THE ADS: “Lines,” and “Don’t Go Back,” 30-second TV commercials from the gubernatorial campaign of Republican Mike DeWine.

WHERE TO SEE THEM: Broadcast and cable TV stations statewide. The campaign did not disclose the cost or size of the buy.

IMAGES: “Lines”: Black-and-white photos of Democratic opponent Richard Cordray and former Democratic Gov. Ted Strickland and images on TV monitors of unemployed workers and plant closings in Ohio. A dramatization of people standing in a line at the “unemployment office” while video of Cordray plays on a TV on the wall. “Don’t Go Back”: Video of workers on the factory floor addressing the camera. Images of Cordray and Strickland together.

SCRIPTS: “Lines”: “We didn’t forget you, Richard Cordray. You were there when our taxes were hiked. And over 400,000 jobs were killed, forcing so many of us to the unemployment line. And now that we’ve recovered, you’re back. You’re back trying to force upon us those same, job-killing taxes that cost us so much. Richard Cordray, if we put you back in office, then you’ll put us back in the unemployment line.”

“Don’t Go Back”: (Various “workers” narrating) “Ohio is moving forward. People are working. Unemployment is down. Wages are going up. The last thing we need are higher taxes. That’s exactly what Richard Cordray would do, because Cordray opposes $5 billion in tax cuts that have led to good, quality jobs. During the Strickland-Cordray era, taxes were raised by $800 million and Ohio lost 400,000 jobs. Higher taxes? Lost jobs? We can’t go back to that. Richard Cordray will raise taxes, kill jobs.”
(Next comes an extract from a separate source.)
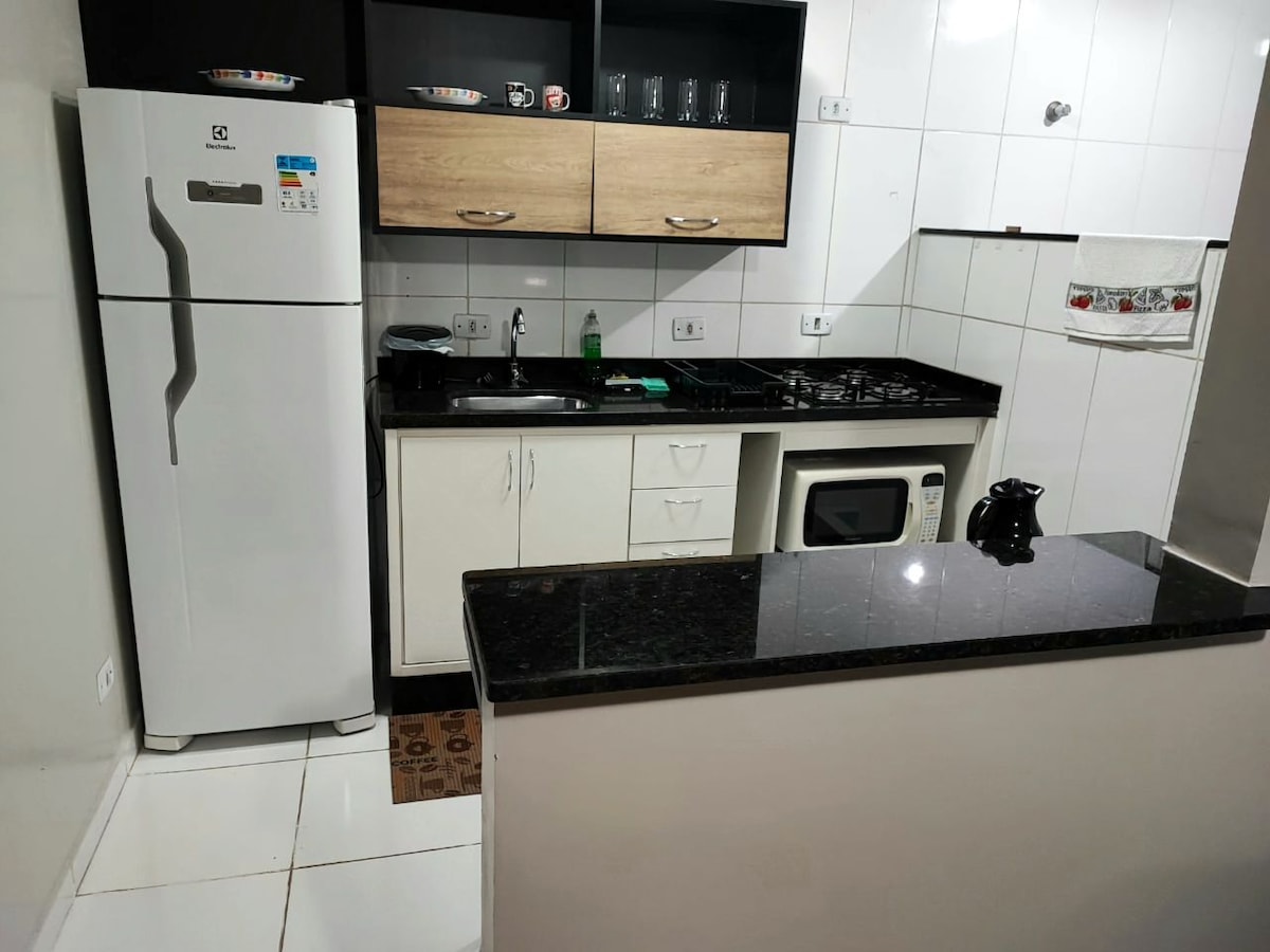 Estudio ubicado en la región central de Campo Grande. Cerca de parada de autobús, restaurantes, bares y varios tipos de comercios. Perfecto para dos personas. Aire acondicionado, wifi, televisión, cocina con nevera, microondas, hervidor eléctrico, sandwichera y utensilios de cocina perfectos para un desayuno o una comida sencilla. El apartamento está en el segundo piso sin ascensor. No hay garaje. No se permite recibir visitas en el lugar. No proporcionamos toallas de baño.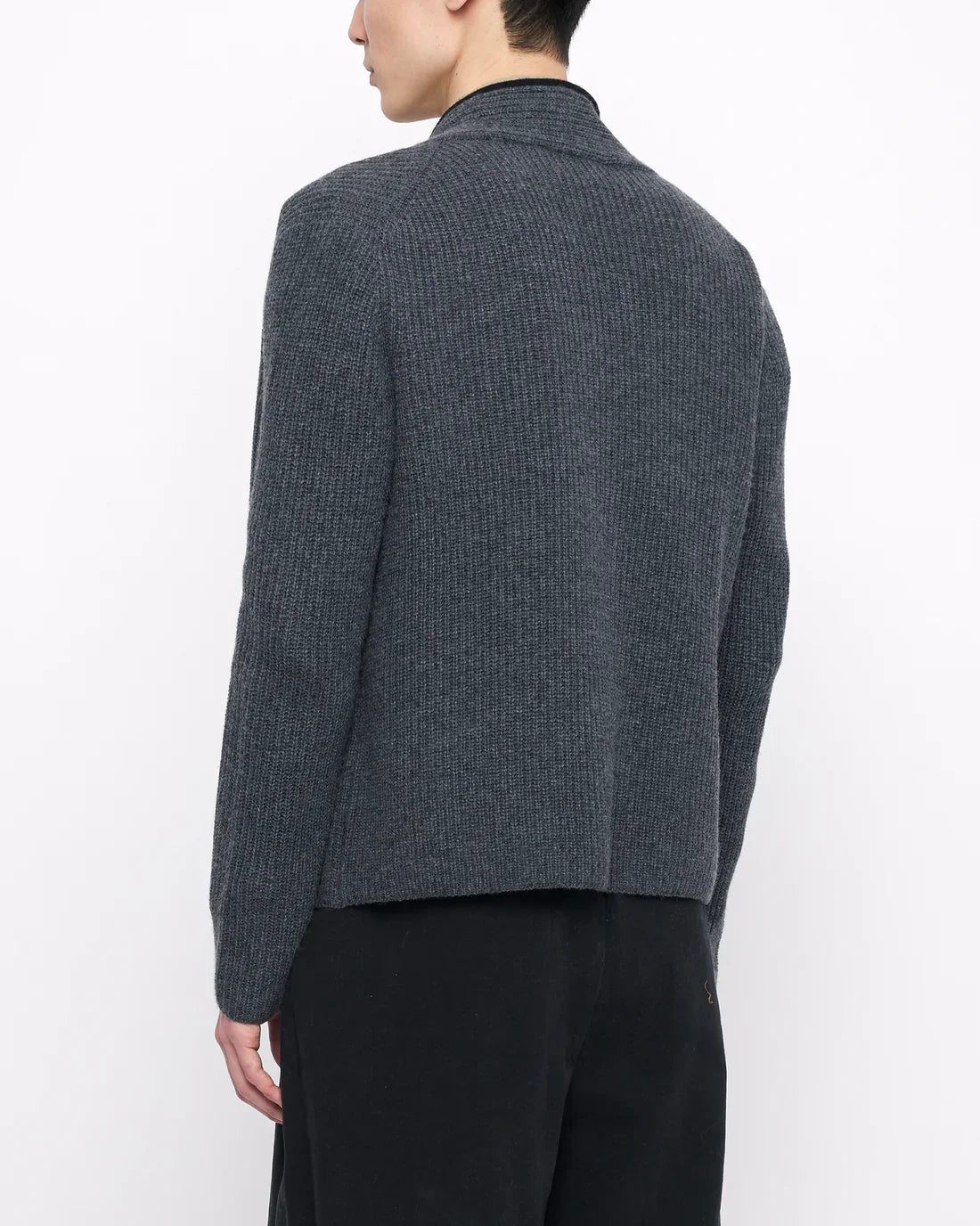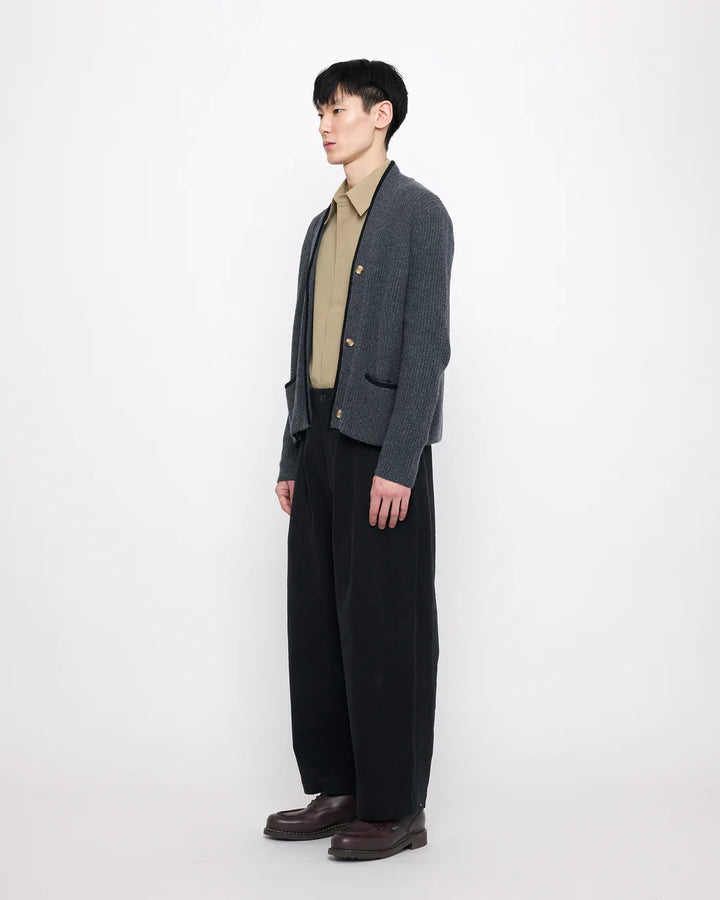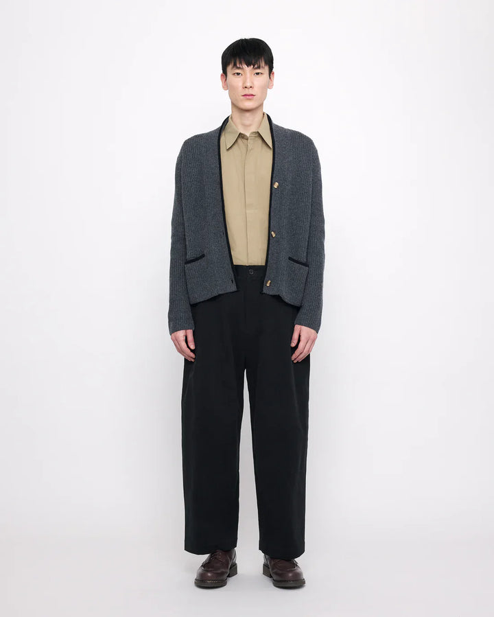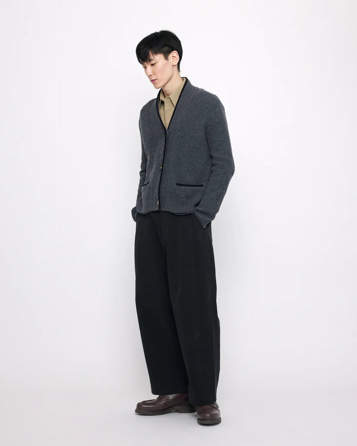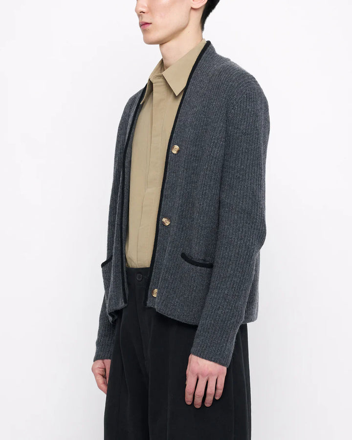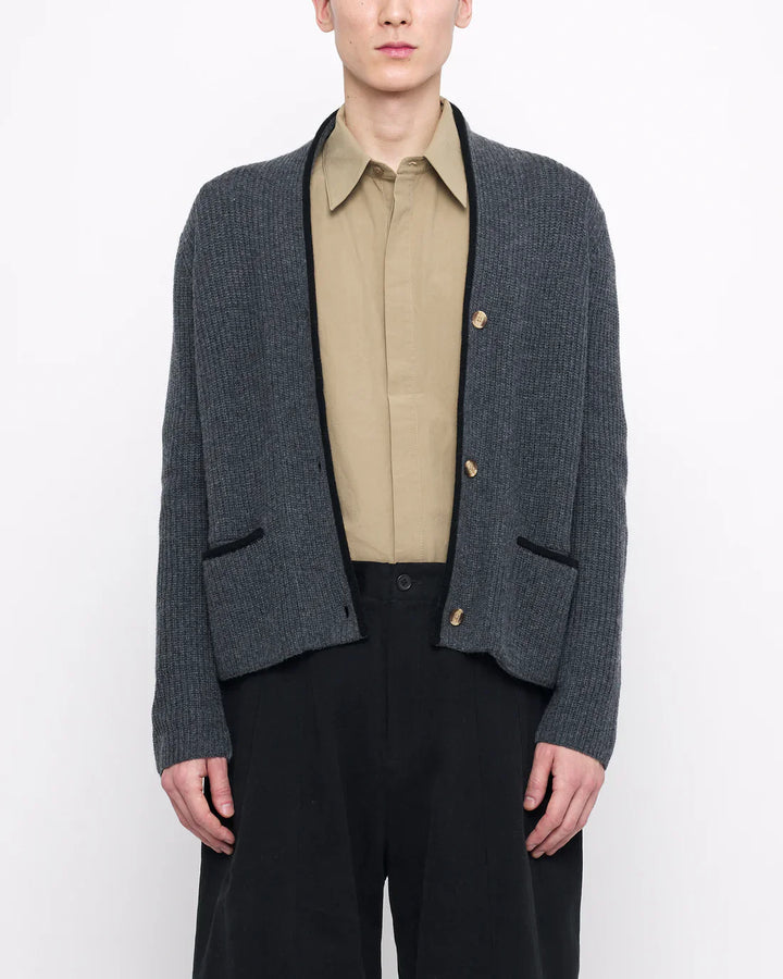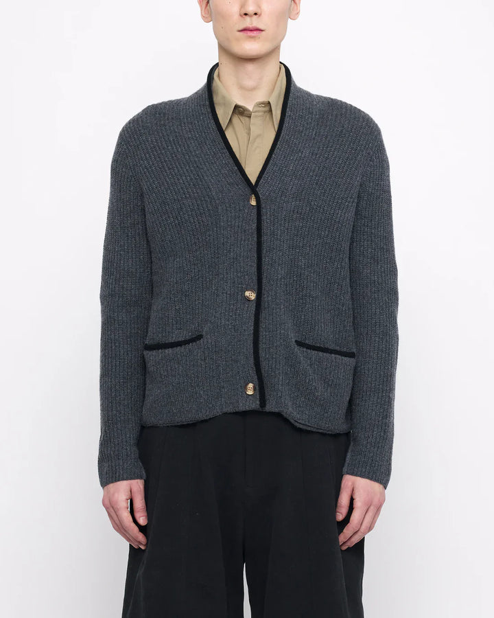 the v-neck pockets trimmed cardigan is 55% superfine merino, 20% organic cotton, 25% recycled nylon, and it runs true to size. we recommend gentle wash + lay flat to dry.

ANALYSIS: The DeWine commercials attempt to blame Strickland, and Cordray (who was state treasurer in 2007-08 and attorney general in 2009-10), for the 2008 national recession that led to the bleeding of jobs and battered state budgets throughout the nation. The global recession’s impact on Ohio was far from unique among the states. And the attorney general has virtually nothing to do with jobs and economic and taxation policy, so it’s over the top to blame that office and its occupant.

The spots again raise the long-cited red herring that when Strickland postponed the final year of a five-year, 21-percent income tax increase to help avoid further cuts to a beleaguered state budget, it constituted a tax increase of more than $800 million. The intended 2009 tax cut was deferred for one year and awarded in 2010. The move did not increase Ohioans’ taxes, but merely delayed tax relief for a year.

Without much foundation, the ads simply assert that Cordray will increase Ohioans’ taxes. Since becoming the nominee, Cordray has consistently said he will not increase taxes even though he has proposed several new initiatives. He has expressed reservations that some of the $5 billion in tax cuts approved by the GOP-controlled legislature and Kasich have deprived the state of money that could be sent to schools and local governments, but has not said he will seek to reverse them — the longest of long shots with what almost certainly will remain a Republican-ruled General Assembly.

Cordray says state revenue growth, budget surpluses being routed to the rainy day fund and other factors, such as collecting sales taxes on more internet retailers, can provide money for needed investments on his watch as governor.